ACTIVITY:
Two lines mark the range in the entries below: the one holding "rectangular belt buckle" and the one holding "Silver Purple Glitter". Set down those two and all lines between them, exactly.

GIVEN RECORDS:
****

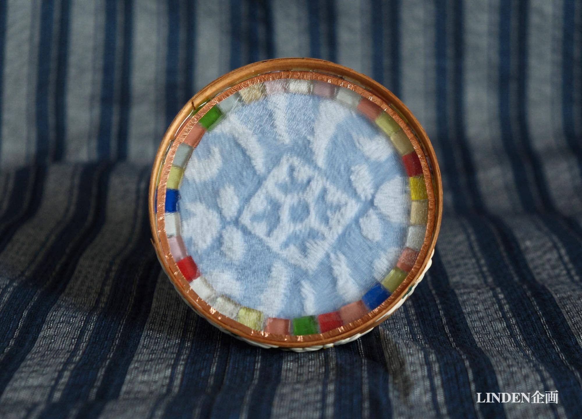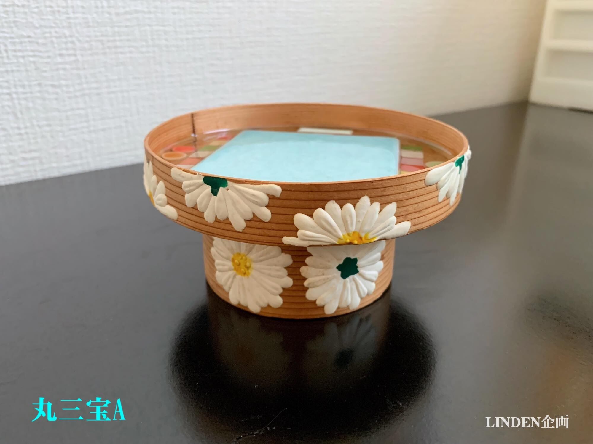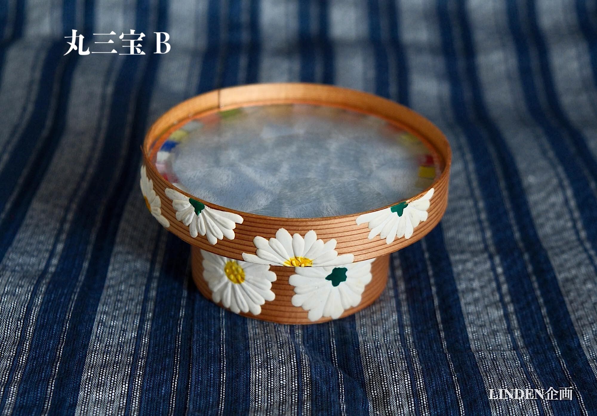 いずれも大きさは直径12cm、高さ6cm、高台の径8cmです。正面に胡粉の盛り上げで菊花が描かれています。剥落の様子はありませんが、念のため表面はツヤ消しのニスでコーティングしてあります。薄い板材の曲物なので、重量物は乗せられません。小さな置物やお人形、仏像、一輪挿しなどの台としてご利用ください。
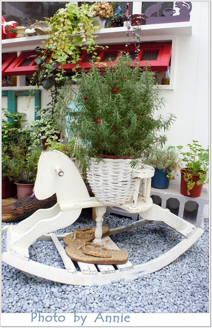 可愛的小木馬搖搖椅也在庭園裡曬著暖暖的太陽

****

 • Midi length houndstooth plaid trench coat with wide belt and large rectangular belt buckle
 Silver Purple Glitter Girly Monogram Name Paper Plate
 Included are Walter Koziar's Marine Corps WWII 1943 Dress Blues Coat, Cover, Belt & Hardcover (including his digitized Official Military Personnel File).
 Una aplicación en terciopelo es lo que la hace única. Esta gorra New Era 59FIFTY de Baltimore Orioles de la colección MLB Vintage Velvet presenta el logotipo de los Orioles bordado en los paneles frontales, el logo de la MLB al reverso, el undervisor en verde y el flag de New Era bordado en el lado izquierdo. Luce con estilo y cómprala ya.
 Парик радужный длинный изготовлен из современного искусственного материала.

****

TASK RESPONSE:
 • Midi length houndstooth plaid trench coat with wide belt and large rectangular belt buckle
 Silver Purple Glitter Girly Monogram Name Paper Plate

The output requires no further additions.